2 - If you do not want to deal with scraping, we will also provide you with the CSV version of the dataset, and you can use it directly. In this case, naturally you will not have completed the scraping part, but you will still be able to complete the remaining parts of the assignment, and you will not receive any points for the scraping part.

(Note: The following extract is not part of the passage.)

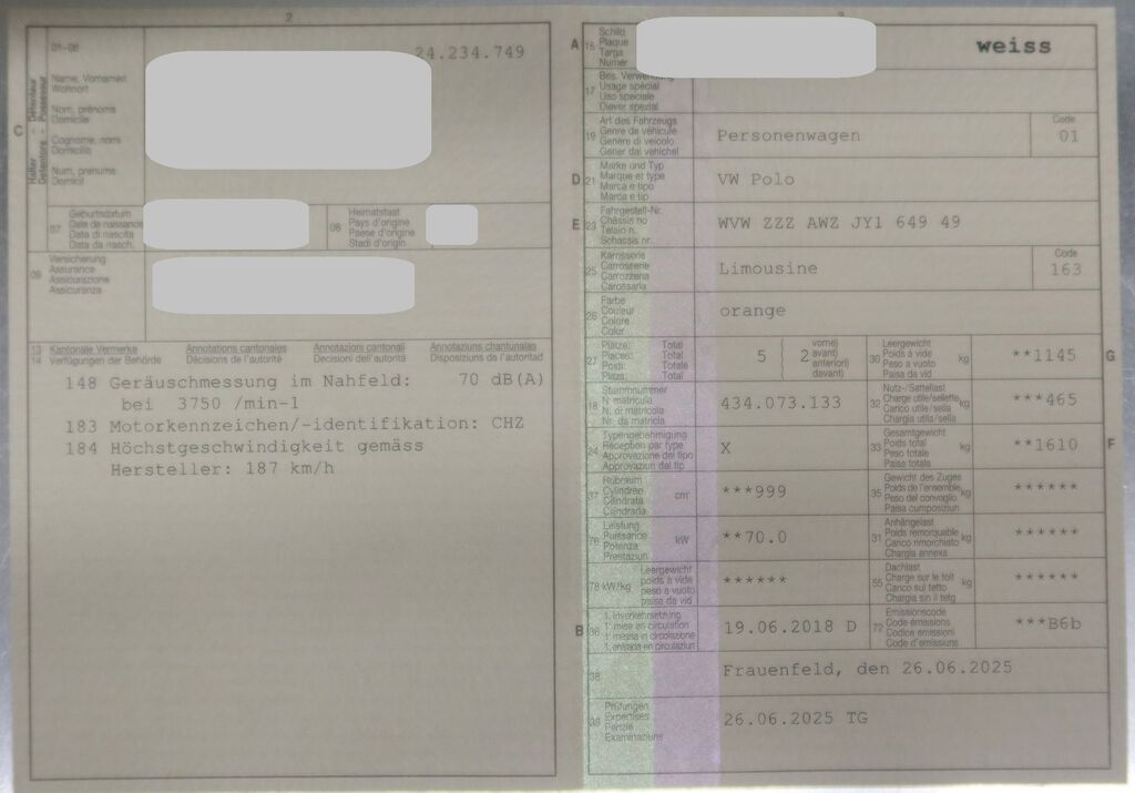 | Das Fahrzeug wird durch die Fahrzeughalterin noch betrieben. | |

Below, you can find all the set of features, provided in the dataset:

1. **Song:** The name of the track.
2. **Artist:** The name of the artist or group that performed the song.
3. **Popularity:** A numerical measure of the song's popularity.
4. **BPM (Beats Per Minute):** The tempo or speed of the song in beats per minute.
5. **Genres:** The musical genres associated with the song.
6. **Parent Genres:** The broader or parent musical genres of the song.
7. **Album:** The name of the album containing the song.
8. **Album Date:** The release date of the album.
9. **Time:** The duration of the song in minutes and seconds.
10. **Dance:** A numerical value indicating danceability.
11. **Energy:** A numerical value representing the energy level of the song.
12. **Acoustic:** A numerical value indicating the acousticness of the song.
13. **Instrumental:** A numerical value indicating the instrumentalness of the song.
14. **Happy:** A numerical value representing the mood or happiness of the song.
15. **Speech:** A numerical value indicating the presence of speech or lyrics in the song.
16. **Live:** Indicates if the song is a live recording (1 for live, 0 for studio).
17. **Loud:** A numerical value indicating the loudness of the song.
18. **Key:** The musical key in which the song is composed.
19. **Time Signature:** The time signature of the song.
20. **Added At:** The date or timestamp when the song was added to the dataset.
21. **Spotify Track Id:** Unique identifiers assigned to each track by Spotify.
22. **Album Label:** The name of the record label associated with the album.
23. **Camelot:** Information about the musical key or tonal center of the song.
24. **Spotify Track Img:** URLs or references to images associated with the Spotify tracks.


In [1]:
import pandas as pd
import numpy as np
import matplotlib.pyplot as plt
import seaborn as sns
import bs4
import requests

## Q1: Scraping  (25 points)

If you want to scrape the playlist, you can retrieve the data using [this playlist analyzer website](https://www.chosic.com/spotify-playlist-analyzer/?plid=4wyQnWDDys6T8A2ni96VfG). Here, you should take the Playlist Table, which contains the songs' information, and convert it to DataFrame. As we mentioned at the beginning of the assignment, using Selenium may be a more logical solution since the content of the site is dynamic. But you are also free to use BeautifulSoup, or read the file directly and start data analysis. If you want to use BeautifulSoup, we provided the static version of the webpage. 

In [2]:
#SCRAPING WAY - 25 POINTS

In [3]:
#READ THE DATA DIRECTLY - 0 PTS

Spotify Track Img, Song Preview columns may not be in the data we got from scraping, but we will not use these columns. So you can ignore this columns.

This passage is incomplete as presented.